### DATASET EXTRACT
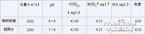 2、 常熟鴿球印染有限公司8000t/d印染廢水處理工程 常熟鴿球印染有限公司由六家印染企業(yè)組合而成,原位于常熟市區(qū)。隨城市規(guī)劃和生產(chǎn)發(fā)展需要,該公司整體搬遷至常熟市大義鎮(zhèn)工業(yè)開(kāi)發(fā)區(qū)。 該公司主要生產(chǎn)純棉和滌棉混紡織物,年產(chǎn)量約9000萬(wàn)米。生產(chǎn)過(guò)程中主要用分散染料和活性染料及有關(guān)助劑。廢水排放量近6000m3/d。搬遷后廢水處理工程屬于三同時(shí)項(xiàng)目。 受該公司委托,南京嘉慶科技實(shí)業(yè)有限公司為其設(shè)計(jì)污水處理方案。經(jīng)本工程處理后的水質(zhì)達(dá)到[GB4287—92]《紡織染整工業(yè)水污染物排放標(biāo)準(zhǔn)》的一級(jí)標(biāo)準(zhǔn),其中50%(3000m3/d)排放,另有50%(3000m3/d)回用于生產(chǎn)工藝、冷卻水補(bǔ)充水及綠化等。 (1) 設(shè)計(jì)規(guī)模 廢水正常排放量接近6000m3/d,考慮生產(chǎn)高峰期排水量,業(yè)主提出該廢水系統(tǒng)的最大處理能力為8000m3/d。 (2) 設(shè)計(jì)進(jìn)水水質(zhì) 根據(jù)常熟鴿球印染有限公司提供的有關(guān)水質(zhì)數(shù)據(jù)見(jiàn)表3。 表3 設(shè)計(jì)進(jìn)水水質(zhì)
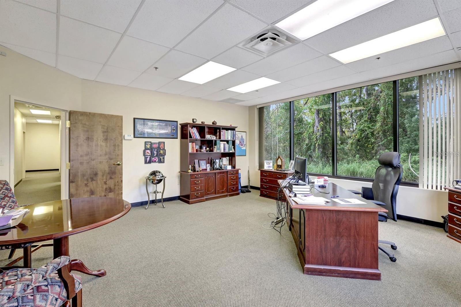 Airport area professional office/flex space free-standing 2 tenant building. Efficient floor plan with spacious private offices that overlook construction area. Competitive rental rate, abundant surface parking - available 1st quarter 2025. $15.00 per SF base rent plus CAM ($6.50 - 2024) and utilities estimated to be $1.63 per SF. Also available for sale - $2,900,000. - subject to existing leasehold (roughly 50% of building). Shown by appointment.
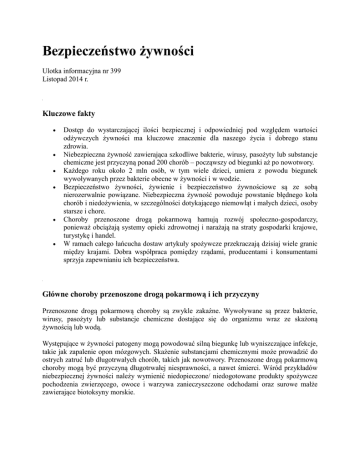 Bezpieczeństwo żywności Ulotka informacyjna nr 399 Listopad 2014 r. Kluczowe fakty Dostęp do wystarczającej ilości bezpiecznej i odpowiedniej pod względem wartości odżywczych żywności ma kluczowe znaczenie dla naszego życia i dobrego stanu zdrowia. Niebezpieczna żywność zawierająca szkodliwe bakterie, wirusy, pasożyty lub substancje chemiczne jest przyczyną ponad 200 chorób – począwszy od biegunki aż po nowotwory. Każdego roku około 2 mln osób, w tym wiele dzieci, umiera z powodu biegunek wywoływanych przez bakterie obecne w żywności i w wodzie. Bezpieczeństwo żywności, żywienie i bezpieczeństwo żywnościowe są ze sobą nierozerwalnie powiązane. Niebezpieczna żywność powoduje powstanie błędnego koła chorób i niedożywienia, w szczególności dotykającego niemowląt i małych dzieci, osoby starsze i chore. Choroby przenoszone drogą pokarmową hamują rozwój społeczno-gospodarczy, ponieważ obciążają systemy opieki zdrowotnej i narażają na straty gospodarki krajowe, turystykę i handel. W ramach całego łańcucha dostaw artykuły spożywcze przekraczają dzisiaj wiele granic między krajami. Dobra współpraca pomiędzy rządami, producentami i konsumentami sprzyja zapewnianiu ich bezpieczeństwa. Główne choroby przenoszone drogą pokarmową i ich przyczyny Przenoszone drogą pokarmową choroby są zwykle zakaźne. Wywoływane są przez bakterie, wirusy, pasożyty lub substancje chemiczne dostające się do organizmu wraz ze skażoną żywnością lub wodą. Występujące w żywności patogeny mogą powodować silną biegunkę lub wyniszczające infekcje, takie jak zapalenie opon mózgowych. Skażenie substancjami chemicznymi może prowadzić do ostrych zatruć lub długotrwałych chorób, takich jak nowotwory. Przenoszone drogą pokarmową choroby mogą być przyczyną długotrwałej niesprawności, a nawet śmierci. Wśród przykładów niebezpiecznej żywności należy wymienić niedopieczone/ niedogotowane produkty spożywcze pochodzenia zwierzęcego, owoce i warzywa zanieczyszczone odchodami oraz surowe małże zawierające biotoksyny morskie. Bakterie Salmonella, Campylobacter i enterokrwotoczny szczep Escherichia coli to jedne z najczęściej spotykanych patogenów obecnych w żywności, które każdego roku wywołują u milionów ludzi choroby i zakażenia, czasami o bardzo ciężkim przebiegu a nawet kończące się zgonem. Występujące objawy to gorączka, ból głowy, nudności, wymioty, bóle brzucha i biegunka. Do żywności mogącej być powodem wybuchu epidemii salmonellozy należą jaja, drób i inne produkty pochodzenia zwierzęcego. Przyczyną chorób wywoływanych bakterią Campylobacter jest głównie spożycie surowego mleka, surowego lub niedopieczonego/niedogotowanego drobiu i zanieczyszczonej wody pitnej. Źródłem zakażenia entero krwotocznym szczepem Escherichia coli jest niepasteryzowane mleko, niedopieczone/niedogotowane mięso oraz świeże owoce i warzywa. Zakażenie bakteriami Listeria może być przyczyną poronień u kobiet i zgonów noworodków. Chociaż wywoływana nimi choroba występuje stosunkowo rzadko, z uwagi na poważne, a czasami śmiertelne skutki, szczególnie w przypadku niemowląt, dzieci i osób starszych, bakterie Listeria uznawane są za powodujące jedne z najcięższych zakażeń pokarmowych. Bakterie Listeria występują w niepasteryzowanych produktach mlecznych i różnych daniach gotowych do spożycia. Rozwijają się także w warunkach chłodniczych. Bakterie Vibrio cholerae dostają się do organizmu człowieka wraz z zanieczyszczoną wodą lub żywnością. Do występujących objawów należą bóle brzucha, wymioty i silna wodnista biegunka, która może prowadzić do ciężkiego odwodnienia, a nawet śmierci. Wybuchy epidemii cholery łączone są ze spożyciem ryżu, warzyw, kleiku jaglanego i różnych rodzajów owoców morza. Kluczową rolę w leczeniu zakażeń bakteryjnych odgrywają leki przeciwbakteryjne , takie jak antybiotyki. Jednak ich nadużywanie i niewłaściwe stosowanie w leczeniu zwierząt i ludzi doprowadziło do rozwoju i rozprzestrzeniania się opornych bakterii, które sprawiają, że leczenie chorób zakaźnych jest nieskuteczne. Oporne bakterie trafiają do łańcucha żywnościowego za pośrednictwem zwierząt (np. bakterie Salmonella za pośrednictwem kurczaków). Lekooporność mikroorganizmów to jedno z głównych zagrożeń dla współczesnej medycyny. Wirusy Zakażeniom norowirusami towarzyszą nudności, chlustające wymioty, wodnista biegunka i bóle brzucha. Wirus zapalenia wątroby typu A może powodować długotrwałą chorobę wątroby. Zwykle rozprzestrzenia się za pośrednictwem surowych lub niedogotowanych owoców morza i skażonych surowych produktów. Źródłem skażenia produktów spożywczych jest często zainfekowany personel pracujący przy tej żywności. Pasożyty Niektóre pasożyty, takie jak przywry występujące w organizmach ryb, trafiają do organizmu człowieka wyłącznie po spożyciu skażonej żywności. Inne, np. Echinococcus spp, mogą dostawać się tam za pośrednictwem żywności lub w wyniku bezpośredniego kontaktu ze zwierzętami. Jeszcze inne, takie jak Ascaris, Cryptosporidium, Entamoeba histolytica i Giardia, trafiają do łańcucha żywnościowego za pośrednictwem wody i mogą powodować skażenie świeżych produktów. Priony Priony, czynniki zakaźne zbudowane z białka, powodują niektóre choroby neurodegeneracyjne. Gąbczasta encefalopatia bydła (BSE, choroba szalonych krów) to atakująca zwierzęta choroba prionowa uznawana za odpowiedzialną za wywoływanie wariantu choroby Creutzfeldta-Jakoba (vCJD) u ludzi. Najbardziej prawdopodobną drogą dostawania się prionów do organizmu człowieka jest spożycie produktów z wołowiny zawierających tkanki stanowiące szczególne zagrożenie (np. tkankę mózgu). Substancje chemiczne Największe zagrożenie dla zdrowia stanowią naturalnie występuj

### PROBLEM STATEMENT
Copy exactly the lines running from the beginning of the listing through the line that has "Airport area professional". Drop the pictures.

### WRITTEN RESPONSE
 2、 常熟鴿球印染有限公司8000t/d印染廢水處理工程 常熟鴿球印染有限公司由六家印染企業(yè)組合而成,原位于常熟市區(qū)。隨城市規(guī)劃和生產(chǎn)發(fā)展需要,該公司整體搬遷至常熟市大義鎮(zhèn)工業(yè)開(kāi)發(fā)區(qū)。 該公司主要生產(chǎn)純棉和滌棉混紡織物,年產(chǎn)量約9000萬(wàn)米。生產(chǎn)過(guò)程中主要用分散染料和活性染料及有關(guān)助劑。廢水排放量近6000m3/d。搬遷后廢水處理工程屬于三同時(shí)項(xiàng)目。 受該公司委托,南京嘉慶科技實(shí)業(yè)有限公司為其設(shè)計(jì)污水處理方案。經(jīng)本工程處理后的水質(zhì)達(dá)到[GB4287—92]《紡織染整工業(yè)水污染物排放標(biāo)準(zhǔn)》的一級(jí)標(biāo)準(zhǔn),其中50%(3000m3/d)排放,另有50%(3000m3/d)回用于生產(chǎn)工藝、冷卻水補(bǔ)充水及綠化等。 (1) 設(shè)計(jì)規(guī)模 廢水正常排放量接近6000m3/d,考慮生產(chǎn)高峰期排水量,業(yè)主提出該廢水系統(tǒng)的最大處理能力為8000m3/d。 (2) 設(shè)計(jì)進(jìn)水水質(zhì) 根據(jù)常熟鴿球印染有限公司提供的有關(guān)水質(zhì)數(shù)據(jù)見(jiàn)表3。 表3 設(shè)計(jì)進(jìn)水水質(zhì)
 Airport area professional office/flex space free-standing 2 tenant building. Efficient floor plan with spacious private offices that overlook construction area. Competitive rental rate, abundant surface parking - available 1st quarter 2025. $15.00 per SF base rent plus CAM ($6.50 - 2024) and utilities estimated to be $1.63 per SF. Also available for sale - $2,900,000. - subject to existing leasehold (roughly 50% of building). Shown by appointment.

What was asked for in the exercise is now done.